In the meantime, Tea Partiers give government the go-ahead to spend more on defense than the rest of the world’s governments combined.
Where’s “waste” to be cut? On domestic services, but only domestic services they don’t get or think they won’t need (and in this economy, they should give that a second thought).
This is a White Nationalist movement.
Fifty-seven percent of whites voted against Obama. When Tea Partiers say they want “their” country back, that “their” concerns are overlooked, that “they” aren’t represented in government, they’re speaking for that aging, diminishing demographic. (573)
Whoa. These folks are scary. To me, they are anti-American. Where is the tapestry of diversity which represents this great country? I don’t see one person of color in this group or any young people. It’s also shocking to think that so many of these folks still insist that Barack Obama is a Muslim or that he is a socialist. Frankly, I’ve not seen this kind of anger and ignorance in my lifetime and it makes me terribly concerned about our country’s future. (1612)
So according to the poll, these older white males take advantage of government services and appreciate those services and value those services and don’t mind paying what they do actually consider a “fair” price for those services … they just hate the president. Who happens to be black. This poll just points out to me that they ARE the racists they say they aren’t. (480)
Whew! It’s obvious to me that these folks did not read the same article that I did, or, if they did, simply ignored its findings while composing their comments.
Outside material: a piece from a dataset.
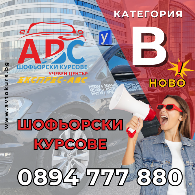 Започни шофьорския си курс сега! Не отлагай повече! Курсът при нас е бърз, приятен и без излишен стрес - напълно съобразен с твоя график! *Посочена е крайната цена на курса! +Кормуване в удобно време +Теоретично обучение в комфортна среда +Практически часове с опитни инструктори +Възможност за разсрочено плащане +Категории - В / А / А1 / А2 / С / С+Е / В+Е +Категория В (78) автоматик Свържи се с нас на тел. 0894 777 880 www. avtokurs. bg Facebook: Автошкола Експрес-АВС Instagram: avtoshkola. ekspresabc Необходими документи: - Лична карта / копие - Медицинско / копие - Снимка за документи - 1 бр. Oбучение: - Двуседмичен теоретичен курс; - Практическо обучение - 31 учебни часа; АДРЕСИ: гр. София жк. Младост 4, ул. ”Д-р. Атанас Москов” 439А 0894 777 880 гр. София Студентски град, ул. “Академик Борис Стефанов” 1, вх. А, ет. 1, офис №6 0894 777 882 гр. София Студентски град, ул. “Проф. Кирил Попов” 55, (срещу KAUFLAND) 0894 777 880 |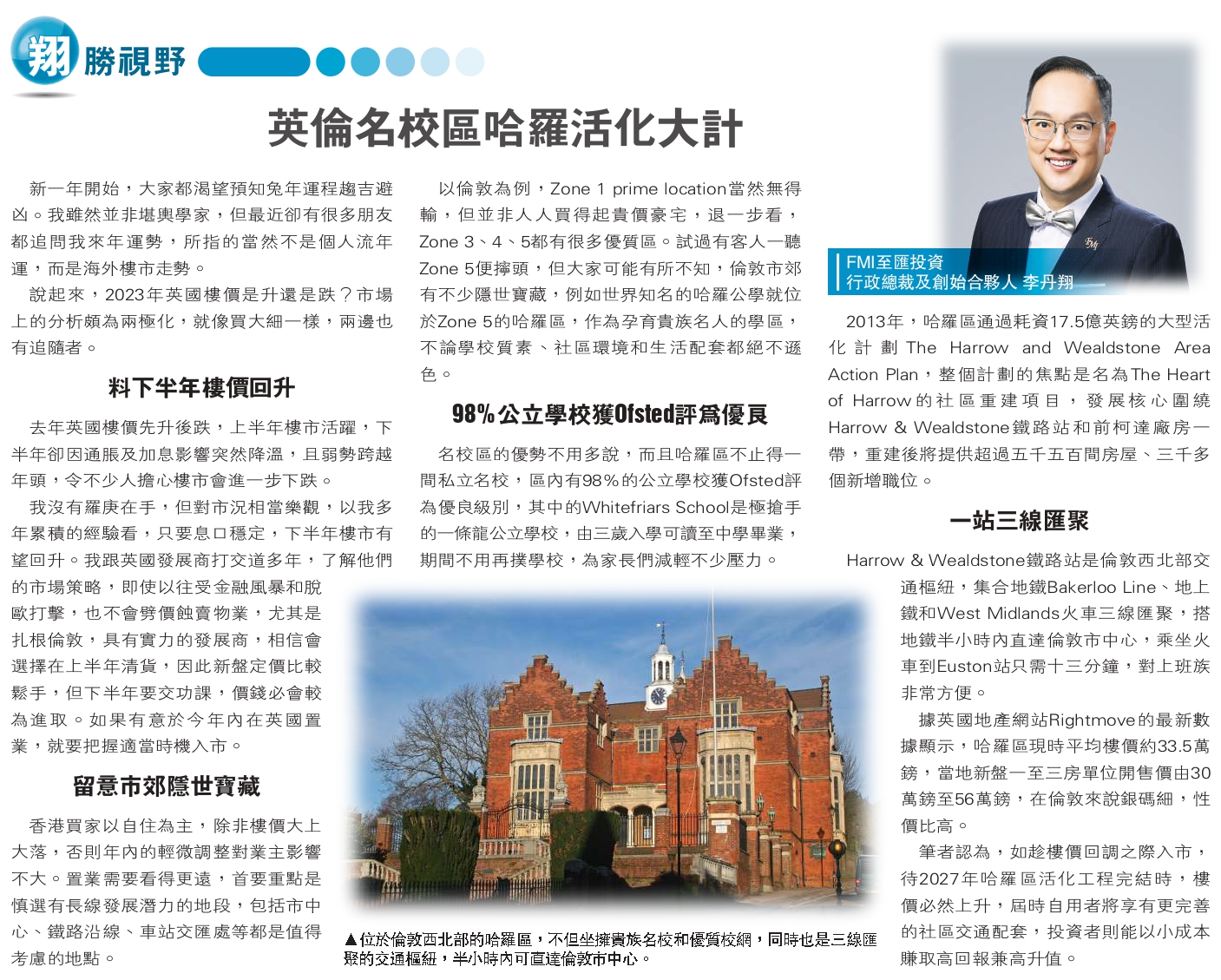 香港買家以自住為主,除非樓價大上大落,否則年內的輕微調整對業主影響不大。置業需要看得更遠,首要重點是慎選有長線發展潛力的地段,包括市中心、鐵路沿線、車站交匯處等都是值得考慮的地點。以倫敦為例,Zone 1 prime location當然無得輸,但並非人人買得起貴價豪宅,退一步看,Zone 3、4、5都有很多優質區。試過有客人一聽Zone 5便擰頭,大家可能有所不知,倫敦市郊有不少隱世寶藏,例如世界知名的哈羅公學就位於Zone 5的哈羅區,作為孕育貴族名人的學區,不論學校質素、社區環境和生活配套都絕不遜色。

Even if you toss out some of the more unhinged rhetoric (“This is a white nationalist movement.”), you are still left trying to fight your way out of yards of complete and utter fabrication: “these older white males….just hate the president.” It seems to me that the real racism—and by that I mean a world view that assumes the intellectual inferiority of blacks—resides in the hearts and minds of those who seems to believe with total conviction that anyone who challenges the president is doing so simply on the basis of his skin tone. These racists—for that is what they are—are oblivious to their own logic, which categorically posits that no black man, not even the President of the United States, can be challenged on the quality of his record, agenda or beliefs. They look no further than the epidermis, either ignoring the president’s well-articulated platform or assuming that the president has only his skin color with which to lead the country.
Never let it be said that I do not search for common ground. Indeed, as dispiriting as I find these comments, I find myself in total agreement with at least one of the writers. The one who wrote, “Frankly, I’ve not seen this kind of anger and ignorance in my lifetime and it makes me terribly concerned about our country’s future.”